Shibboleth is being adopted by educational institutions worldwide, including institutions in the UK, in support of federated access management. Shibboleth is not an 'all-in-one' access management solution; but, as a component in an institutional SSO environment, it offers tremendous enabling possibilities. It is architecturally complex, and can be difficult to install, but a number of UK institutions, including the seven ShibboLEAP partners, have already blazed a trail through the installation jungle. This growing body of experience in Shibboleth deployment in the UK will benefit new adopters of this important new technology, which has the potential to help institutions to take major steps forward towards achieving Single Sign-On to secure internal and external Web resources.

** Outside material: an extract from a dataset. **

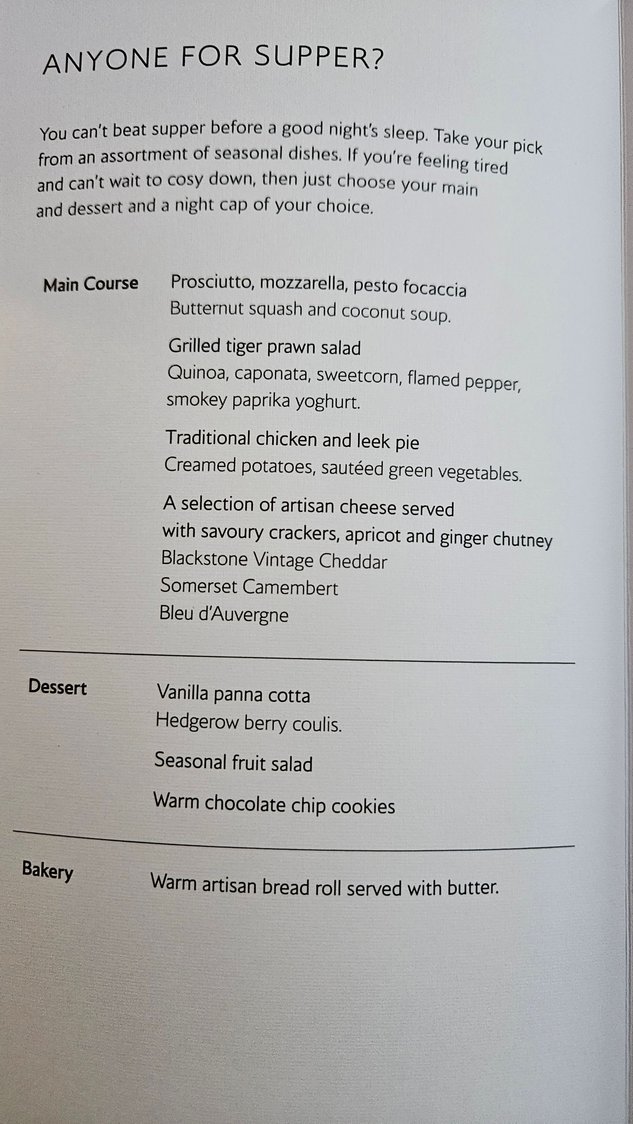 BA59 late night to CPT "supper" menu tonight coupled with quite a lot of angry passengers who were expecting something different (like cheese not being a main course).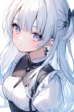 1girl, solo, earrings, long_hair, jewelry, bangs, puffy_sleeves, simple_background, closed_mouth, looking_at_viewer, white_background, medium_breasts, eyebrows_visible_through_hair, breasts, upper_body

The word 'Shibboleth', in this context, has a distinguished history. The Bible (Judges 12, v.1-6) records how the Ephraimites, fleeing Gilead after an unsuccessful attack, were cut off at the river Jordan by Gileadites. Those attempting to cross the river were asked to say 'Shibboleth'. The unfortunate Ephraimites, who pronounced 'sh' as 'si', said 'Sibboleth', and 42,000 of them were duly slaughtered. While this was undeniably a triumph of access management, we are confident that the implications of Shibboleth for the 150,000-plus members of the ShibboLEAP institutions will prove to be rather more uplifting.
Thanks to John Paschoud and Simon McLeish of the LSE, both for reading a draft of this article, and for their indefatigable technical assistance to the ShibboLEAP partners during the project.